Follow below links to start with your HPC Pack:
Windows hpc server sdk
NVIDIA HPC SDK Installation Guide
1.В Installations on Linux
This section describes how to install the HPC SDK in a generic manner on Linux x86_64, OpenPOWER, or Arm Server systems with NVIDIA GPUs. It covers both local and network installations.
For a complete description of supported processors, Linux distributions, and CUDA versions please see the HPC SDK Release Notes.

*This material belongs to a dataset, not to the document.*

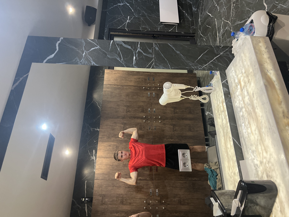 The image captures the interior of a modern locker room or changing facility in Botevgrad, Bulgaria, observed through a large mirror. A young adult male, reflected centrally, wears a red short-sleeved t-shirt and black shorts, posing by flexing both biceps and looking towards his reflection/the camera. Behind him, a long bank of waist-height, dark wooden lockers with numerous metal handles spans the background. A white, wall-mounted hairdryer with coiled cords hangs to the right of the male subject. A double electrical outlet with silver frames is visible on the wall, reflected at the subject's waist level. The surrounding environment features dark, marble-patterned walls with prominent white veining on the right side and floor, contrasting with a light-colored, possibly marble or stone, countertop in the foreground. On the countertop's left, two black tissue dispensers are present, with a crumpled green textile (likely a towel or clothing item) situated beneath the male subject's reflection. To the far right of the countertop, two plastic water bottles are contained within a white holder. Overhead, a white ceiling features recessed lighting. A black speaker is mounted on the far right wall. A partial reflection of another individual's arm/shoulder is visible on the far left edge of the mirror.

1.1.В Prepare to Install on Linux
Linux installations require some version of the GNU Compiler Collection (gcc) to be installed and in your $PATH prior to installing HPC SDK software. For HPC compilers to produce 64-bit executables, a 64-bit gcc compiler must be present. For C++ compiling and linking, the same must be true for g++ . To determine if such a compiler is installed on your system, do the following:
- Create a hello.c program.
- Compile with the -m64 option to create a 64-bit executable.
Run the file command on the produced executable. The output should look similar to the following:
For support with C++ compilation, g++ version 4.4 is required at a minimum. A more recent version will suffice. Create a hello.cpp program and invoke g++ with the -m64 argument. Make sure you are able to compile, link, and run the simple hello.cpp program first before proceeding.

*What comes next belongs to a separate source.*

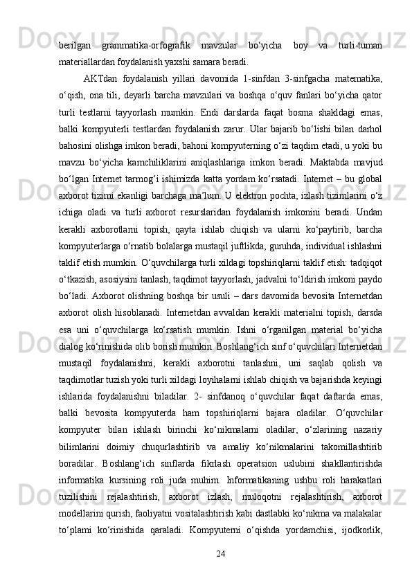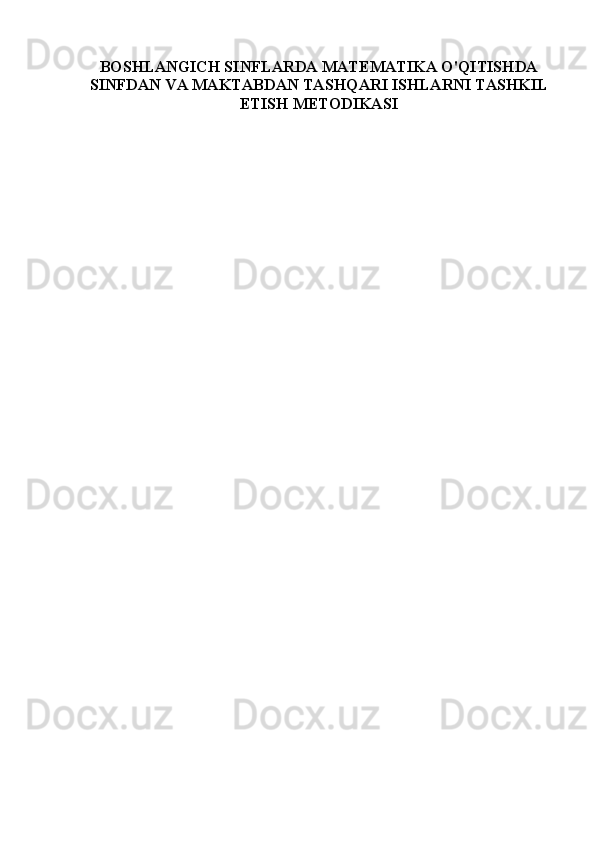 BOSHLANGICH SINFLARDA MATEMATIKA O'QITISHDA SINFDAN VA MAKTABDAN TASHQARI ISHLARNI TASHKIL ETISH METODIKASI

The file command on the hello_64_cpp binary should produce similar results as the C example.
For cluster installations, access to all the nodes is required. In addition, you should be able to connect between nodes using rsh or ssh , including to/from the same node you are on. The hostnames for each node should be the same as those in the cluster machine list for the system ( machines.LINUX file).
In a typical local installation, the default installation base directory is /opt/nvidia/hpc_sdk .
If you choose to perform a network installation, you should specify:
- A shared file system for the installation base directory. All systems using the compilers should use a common pathname.
- A second directory name that is local to each of the systems where the HPC compilers and tools are used. This local directory contains the libraries to use when compiling and running on that machine. Use the same pathname on every system, and point to a private (i.e. non-shared) directory location.
This directory selection approach allows a network installation to support a network of machines running different versions of Linux. If all the platforms are identical, the shared installation location can perform a standard installation that all can use.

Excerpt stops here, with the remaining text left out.